Unleash the Power of Moral Character


Frank Sonnenberg, an award-winning author and advocate for personal values and responsibility, has written 11 books, including his latest, BECOME: Unleash the Power of Moral Character and Be Proud of the Life You Choose[/amazon]. Named one of “America’s Top 100 Thought Leaders” and one of “America’s Most Influential Small Business Experts,” Frank’s influence extends through his writing, consulting, and his popular blog, FrankSonnenbergOnline.

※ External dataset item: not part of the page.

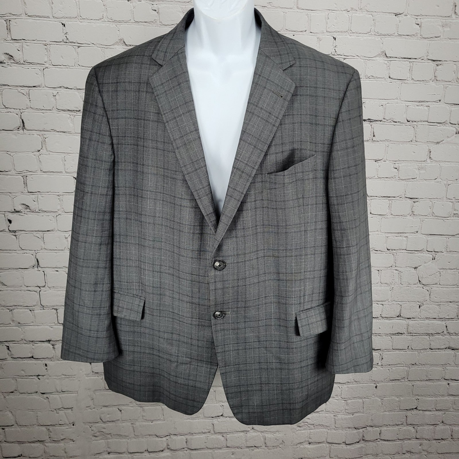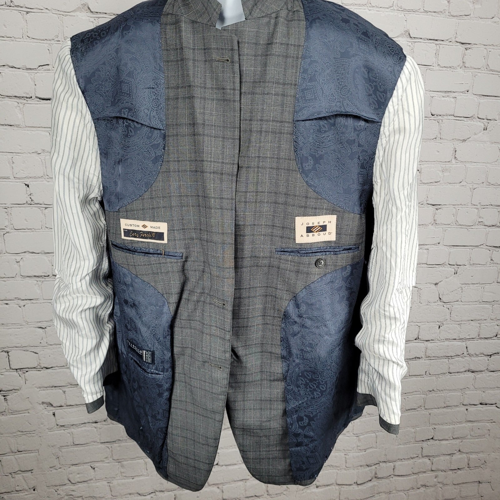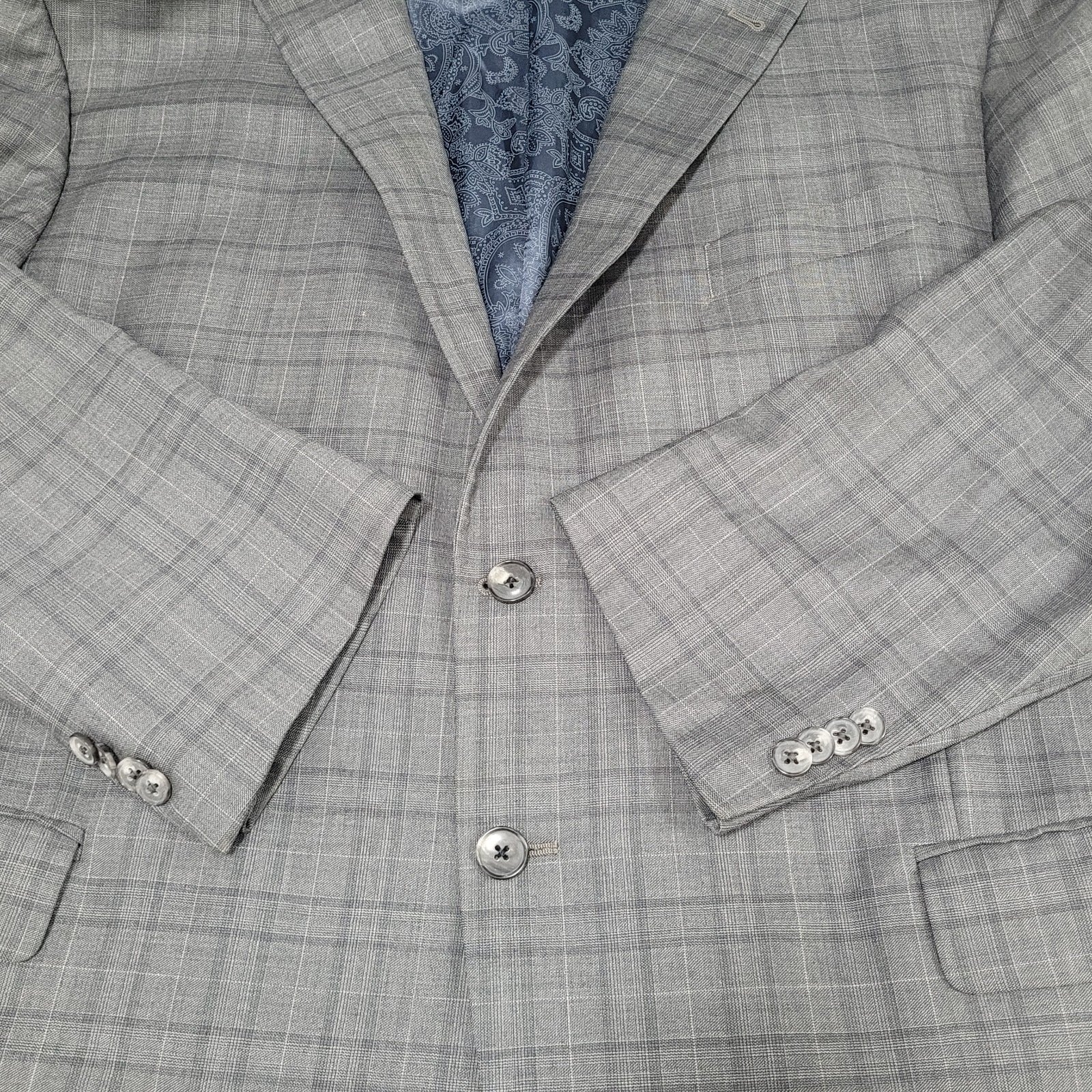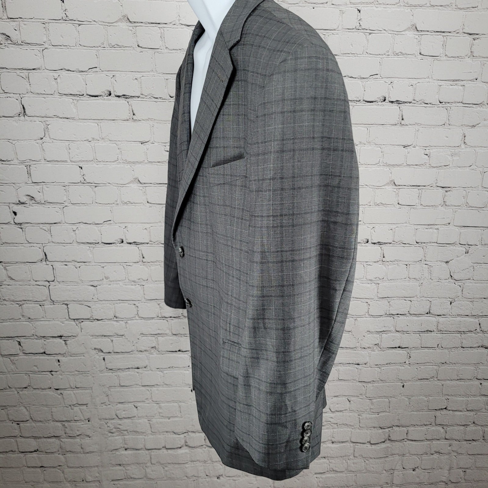 Joseph Abboud Guabello Grey 100% Wool Check Blazer Sport Coat USA Made Size 46S

In our interview about his latest book, we explore Frank’s insights on moral character and how individuals can lead fulfilling lives by embracing strong values. He shares his journey and the essence of living a life of integrity, offering practical advice from his latest book.


Frank, your book emphasizes the transformative power of moral character. Can you share a personal story where you witnessed a leader’s moral character directly influence their team’s success or failure? 

Some folks think it doesn’t matter what management style you use as long as you achieve your goals. They assume that being an authoritarian, tyrant, bully, control freak (use any label you want) won’t come back to haunt you one day. The truth is that real power isn’t the result of controlling people; it’s created by empowering folks and forging commitment, leading by example, and providing meaning and purpose. By its very nature, there’s no need to force people into compliance. When people follow orders, they go through the motions…but when they have a vested interest in the outcome, they follow their heart.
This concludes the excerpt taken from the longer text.